An overview of the m2 mapping. Given a maternal BMI, we calculate the percentile that it corresponds to among all BMIs recorded in the 1979 cohort of women; call it QM (A). We then gather all mothers in the 1997 cohort that have a recorded BMI within a one-percentile window of QM (B) and choose one at random (C). The BMI of the selected woman’s mate is then converted into a percentile QP (D), as calculated from the 1997 distribution of fathers. We then conclude the mapping by gathering all men in the 1979 cohort with BMIs within a one-percentile window of QP (E) and choose one at random (F), to be the mate for our original 1979 cohort mother.

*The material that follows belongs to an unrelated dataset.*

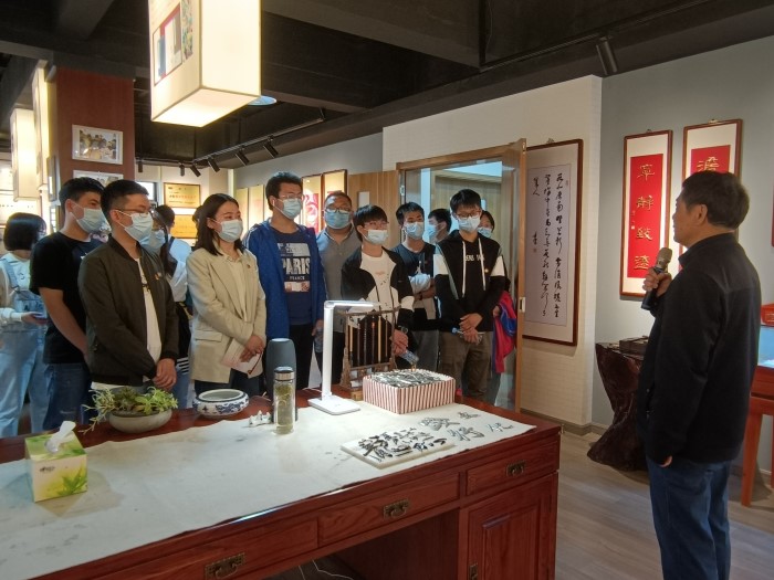 非遗作品绘党史,现场聆听忆峥嵘。该院师生学生代表前往合肥市瑶海区明光路街道党群服务中心,现场感受非遗传承人们用烙画、核雕、铁字等非遗技艺创作的一批以庆祝建党百年为题材的非遗作品。其中,“为人民服务”铁字画作品非常醒目,创作者说:“‘为人民服务’是中国共产党的根本宗旨,用铁字画工艺制作出来更加体现了这一宗旨的铁性;这副字画也没有上色,显示了共产党人的本色。”师生积极参与、兴致高昂,聆听省级技艺大师阐述红色真情,并通过现场制作加深了对百年党史的认识,坚定理想信念。

For m3, drawing an offspring BMI given parental BMIs, gravid age and offspring gender/race/ethnicity was performed by gathering all 1997 parent-offspring triads that match the given set of covariates and randomly selecting one of them. We allowed the parental BMIs and gravid ages in our selection pool to lie within a window around the actual covariate values. These windows were set to be small (plus or minus 0.5, kg/m2 or years as appropriate) but were allowed to grow if an insufficient number (less than 50) of matching 1997 records was available.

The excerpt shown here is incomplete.